ICPR and miccai have been paying close attention to the split detection of breast cancer cells in recent years. I have also studied it, although I don't know what I can do in the end.
Today I read this article "automatic mitosis Detection Based on exclusive independent component analysis", published on Pattern Recognition (ICPR), 2012 21st International Conference, the main research is to detect the split of breast cancer cells.
Abstract:
We have adopted a new method called exclusive independent component analysis (xica), which is an extension of ICA. We know that ICA is called independent component analysis, so xica is easy to understand, it mainly extracts different components from each other in the training set, rather than the independent components of a single category.
Xica:
This algorithm is the key of this Article.
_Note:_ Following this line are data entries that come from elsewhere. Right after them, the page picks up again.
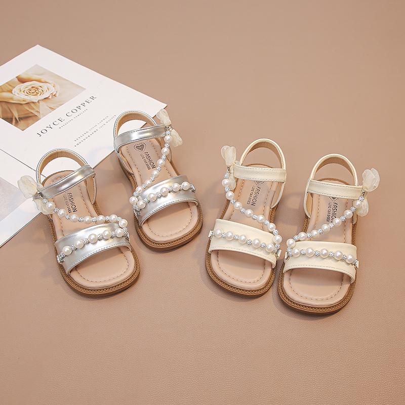Girls Sandals Open Toes Mesh Lace Bows Kids Beach Shoes Soft Sole Sweet 2025 Summer New Children Princess Shoes Shiny Crystal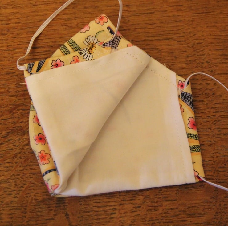 A really comfortable two-layer structured cotton face covering, comprising a gorgeous bee and dragon fly design outer layer and a white cotton lining. The cotton lining is not attached to the outer layer at the sides, so an extra tissue or gauze can be inserted.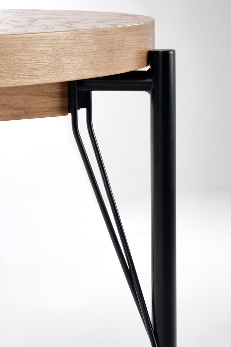 KARIDA-S ława dąb naturalny/czarny Wprowadź do swojego wnętrza nowoczesny akcent dzięki ławie KARIDA-S, która łączy w sobie elegancję oraz funkcjonalność. Jej wyjątkowy design oraz solidne wykonanie sprawiają, że stanie się centralnym punktem każdego pomieszczenia. Idealna do salonu, sypialni, czy nawet biura, ława ta zachwyca nie tylko estetyką, ale także praktycznością. Wymiary: Średnica 45 cm, wysokość 49 cm - idealna do mniejszych przestrzeni. Materiał: Wykonana z wytrzymałego MDF z naturalną okleiną, co zapewnia jej wyjątkową trwałość oraz estetyczny wygląd. Nogi: Stabilna konstrukcja ze stali malowanej proszkowo w kolorze czarnym, co dodaje nowoczesności. Kolor: Połączenie naturalnego dębu z czernią, które doskonale wpisuje się w różne style aranżacyjne. Styl: Minimalistyczny i elegancki design, który doda charakteru każdemu wnętrzu. Ława KARIDA-S to także idealne miejsce na Twoje ulubione napoje, książki czy dekoracje. Jej kompaktowy rozmiar pozwala na wygodne umiejscowienie w różnych aranżacjach. Dzięki sieci kowalskiej konstrukcji, będzie stabilnym i solidnym meblem przez długie lata. Gwarancja producenta: 24 miesiące. Samodzielny montaż: Ława dostarczana jest z instrukcją, co ułatwia szybki i łatwy montaż. wymiary: fi 45/49 cm, materiał: MDF + okleina naturalna / stal, malowana proszkowo kolor: dąb naturalny - czarny

Let's first understand it.
This algorithm attempts to find such independent components in a training set with two categories: it is closely related to one of the classes, but not very representative of the other, it can also be said to look for some specific components.
Generally, the ICA algorithm can be written in the following format:
X =.
X = (x1, x2, x3 ..... XN) is some of our observed vectors. We can think of them as feature vectors, S = (S1, S2, s3 ...... SN) is an independent potential variable vector. A is an unknown constant matrix (which can be called a hybrid matrix or a diversity). Our goal is to obtain a through only X vectors.
Two training modes are provided,
E {.} is the expectation of the input value, but the corresponding weight matrix. The method is as follows:
The formula above can calculate W. As for how to calculate G {.}, I have to go to the paper A. hyv? arinen and P. O. Hoyer. emergence of phase and.
Shift Invariant Features by decomposition of neutral images into independent feature subspaces. Neural computing, 12 (7): 1705-1720,200 0.
The following iteration is used to normalize the two matrices.
W can produce independent components of positive sample X, but cannot produce independent components of negative samples, and vice versa.
After obtaining a and S, the following test is simple,
(Another method of the above formula) to minimize
After finding S, perform the following steps: X is the new test set and calculates the difference between it and AKs, select K corresponding to the minimum value as the category of X (k is the number of classes), as shown below:
Of course, we do not calculate all the pixel values. First, we should make a selection to obtain the candidate set.
Using a simple cell nucleus detection algorithm: first, the image is converted into a grayscale image, and then Gaussian smoothing is used to tune it to appropriate parameters. Most of the cells are protruding, we select some local maximum values from these convex points to join the candidate set.
The next task is to use the latest algorithms in these candidate sets.